Herbalife, which markets nutritional and personal care products like Nu Skin, surprised with better than expected numbers, particularly from China. There are, of course, advantages to this model. No bricks and mortar overhead, no salaried sales staff and someone (all too often the salesperson) ends up buying the products, which leads to bigger profits and margins. Word of mouth is a very effective way to sell, maybe the best. And this is not a screed against these companies' actual products but just the method of distribution.
Of note, another problem with Herbalife is their ‘Nutrition Clubs,’ which seem to operate with the secrecy of Prohibition speakeasies as no signage is allowed that would advertise them to possible customers, where no evidence of sales is to be visible from the street and where customers have to pay a fee to attend. And these clubs are supposedly generating a third of their sales. I just don’t buy that unless they’re putting bathtub gin in those herbal shakes.
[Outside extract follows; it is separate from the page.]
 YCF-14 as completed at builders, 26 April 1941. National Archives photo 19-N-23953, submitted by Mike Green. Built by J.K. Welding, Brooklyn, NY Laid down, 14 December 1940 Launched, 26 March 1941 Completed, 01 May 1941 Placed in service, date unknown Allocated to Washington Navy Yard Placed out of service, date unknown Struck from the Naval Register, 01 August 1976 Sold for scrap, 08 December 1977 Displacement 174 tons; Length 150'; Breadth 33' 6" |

Herbalife has a 14.00 P/E, pays a 2.20% dividend and is headquartered in the Cayman Islands. The company just took on another line of credit, so has debt of $559.51 billion to total cash of $286.17 billion.
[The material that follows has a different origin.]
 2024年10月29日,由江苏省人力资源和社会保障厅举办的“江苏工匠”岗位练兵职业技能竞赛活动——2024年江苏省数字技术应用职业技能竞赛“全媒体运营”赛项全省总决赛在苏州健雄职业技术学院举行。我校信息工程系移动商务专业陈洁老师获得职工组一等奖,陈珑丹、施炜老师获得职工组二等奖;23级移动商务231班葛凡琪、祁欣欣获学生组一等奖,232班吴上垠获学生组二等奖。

To be fair, Happi Magazine (the publication of the Household and Personal Products Industry) just published their top 50 leading US companies in the global HAPPI industry list for the first half of the year, and surprisingly Nu Skin was number 19 with sales of $964 million beating out Tupperware at number 22 with $676 million and Herbalife at number 43 with $127 million in sales.
What About Avon?
Avon finished number four on the HAPPI top 50 list, just after Procter & Gamble, Colgate-Palmolive and SC Johnson, with $7.7 billion in sales. It seems that Avon, purveyor of beauty and personal products, is somewhat working even with a 20th century business model. And Avon, after all, was desirable enough for Coty to want to buy it out not so long ago. Avon was actually founded in the 19th century in 1886 and still probably has one of the most recognizable brands with its famous Avon Calling ad campaign of the last century.
It’s paying a hefty 5.90% yield but has a P/E of 28.26. It has been trading lower since 2009 while most personal products companies have been gradually trending higher. The analyst community has been downbeat on this name and they see growth continue to erode. Quarterly earnings growth is at -70.10% year over year. It also has $3.54 billion in debt and $1.31 billion in total cash.
The Final Takeaway
There are companies tinkering with multilevel marketing in ways that can work and that are not based on a greater fool theory. Having inventory gathering dust in a salesperson's basement isn't making anybody money. If end users aren't buying then it is a pyramid and Herbalife and Nu Skin, in particular, are vulnerable. If they get thrown out of China, however unlikely that is, all bets are off.
You may like these companies’ products. Go ahead and buy them and take them off the hands of the long suffering salesperson. Just don’t invest in these stocks. Their earnings and dividends can look OK, but building a company’s fortunes on the willingness of salespeople to buy inventory up front and flog the products to friends, family and neighbors only to have to finally sell them off at a yard sale is just not a solid business model. There are so many better stocks in the world. Go pound the pavement and find them.